# Laptop as a home server?



## monkeyboy (Jul 1, 2011)

I've been running a FreeBSD PC as a home server for years. It does NAT, file service, FTP, TELNET, print service, etc. But it's time for an upgrade -- it's running FreeBSD 5.2 and has a 586 as a CPU. I'm thinking about using a laptop instead of another PC. Comments on the wisdom of this welcome.

The pros I see:
- low power, important for a 24/7 running at home where I pay the energy bill.
- small size.
- built in UPS -- I hate buying those lead acid batteries every couple of years.

The cons:
- limited expansion of functions, no slots, no TV cards.
- more difficult to do automatic backups, I do intend to attach an external USB disk of the same size as the internal disk, but...
- laptop doesn't automatically reboot after power outages.
- uncertainty whether laptop HD drive can tolerate 24/7 operation. I have done it before, running a laptop 24/7 for about 7 years non-stop, but...

Input welcome.


----------



## UNIXgod (Jul 1, 2011)

Not that it can't be done. I probably wouldn't.

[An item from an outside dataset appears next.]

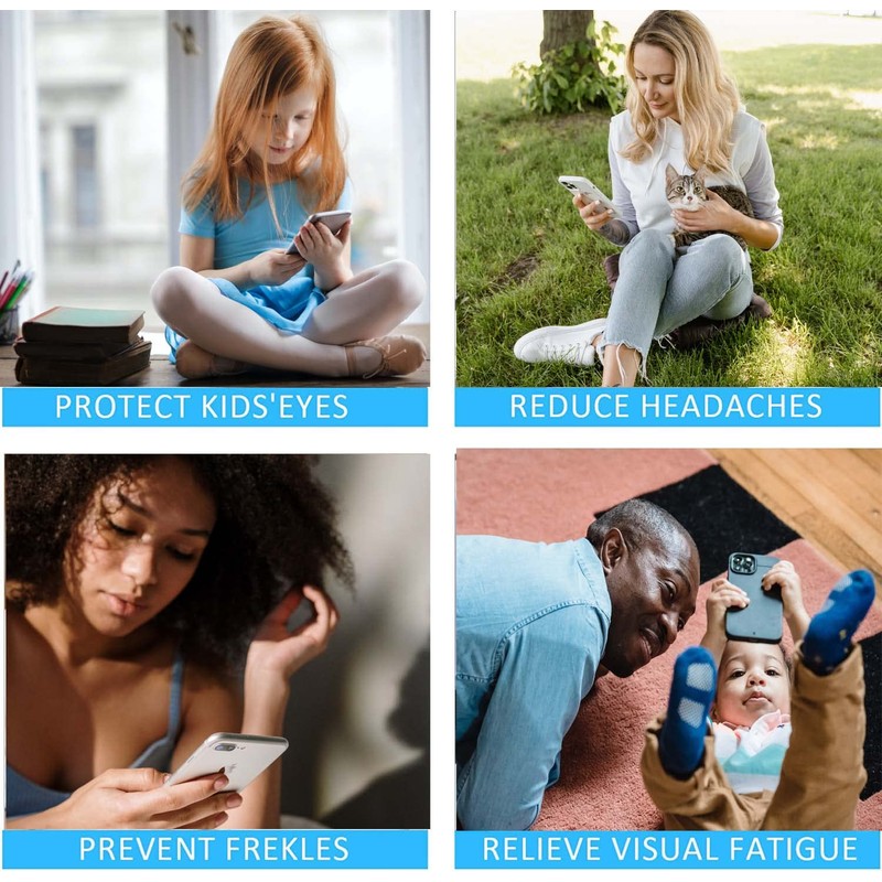Filter harmful blue light and prevent it from impairing vision and ability to concentrate , reduce eye fatigue and protect eyes. (especially for children) .When the phone is turned on, the screen protector will display the original picture quality of the phone.

Why not build a small form factor mini-atx or even micro-atx machine for your server and use a laptop as a client?


----------



## wblock@ (Jul 1, 2011)

It should work.  The battery will keep it running during power failures but isn't a protective device like a UPS.  Heat will kill a notebook battery eventually, and they cost more than SLA.

Turning off the notebook display will help reduce heat and power usage.  Speaking of that, a desktop Pentium E5200 with 2G, dual Ethernet, and one hard drive only takes 40 watts.


----------



## fonz (Jul 1, 2011)

monkeyboy said:
			
		

> I've thinking about using a laptop instead of another PC. Comments on the wisdom of this welcome...

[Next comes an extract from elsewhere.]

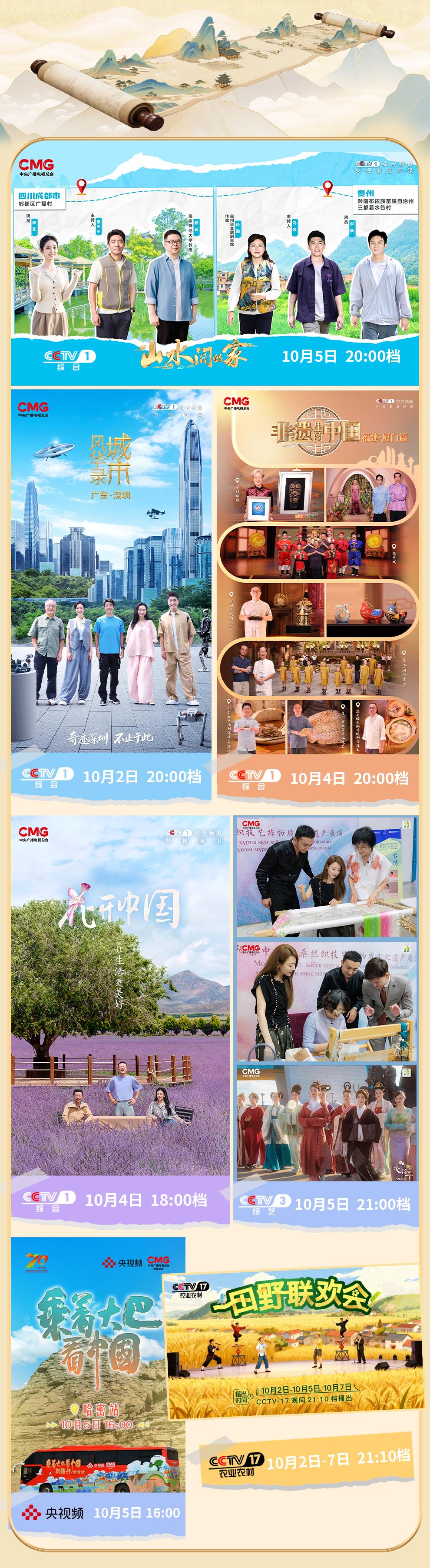 八天假期,想好去哪兒玩了嗎?來,跟著總臺去打卡!頭兩站:四川、貴州!《山水間的家(第四季)》“山水小分隊”邀你在川西林盤探韭香產業(yè),在黔南山鄉(xiāng)看巖椒成林。第三站:廣東。《城市風華錄》帶你去深圳探訪全球首家機器人6S店,感受“奇跡之城”向新向好的澎湃動力。第四站:福建。珠繡、漆線雕、閩南童謠、高甲戲……看《非遺里的中國》,領略廈門非遺之美。第五站:新疆。從《花開中國》開啟一場跨越天山的芬芳之旅,在《衣錦天下 絲路季》發(fā)現絲綢之路上的中國審美,《乘著大巴游中國》探尋哈密甜美密碼。第六站:內蒙古。在通遼參加《田野聯歡會》,體驗鄉(xiāng)土文化新活力。這八天的旅程,你不會錯過雄奇的風光、古老的文化、新奇的創(chuàng)造,還有熱氣騰騰的生活。

Your mileage will probably vary, depending on the exact make and model you're going to use. Generally speaking, laptops aren't meant for 24/7 operation. That doesn't mean it can't be done, but what I see as the biggest disadvantage of laptops is that they tend to be more difficult (and expensive) to fix when something physically breaks. In most cases you can't just swap out a failed component as easily as you can with a PC.

Fonz


----------



## vermaden (Jul 1, 2011)

@monkeyboy

You forgot 'builtin KVM' in PROS 

About general idea ... yes, it will work, depends on what you need, *Carpetsmoker *runs his 'media server' on a towel and it works: http://daemonforums.org/showpost.php?p=39248&postcount=64

So yes, your laptop would work and 2.5 'laptop' drives can work 24/7 as the 3.5 'desktop' drives.


----------



## sand_man (Jul 1, 2011)

I use a laptop for a home server. Works nicely and I love how quiet it is. The only problem I have is using two 2TB USB drives on a ZFS mirror. The i/o performance is what you would expect from a USB device but they spin down too often and take a long time to start up again.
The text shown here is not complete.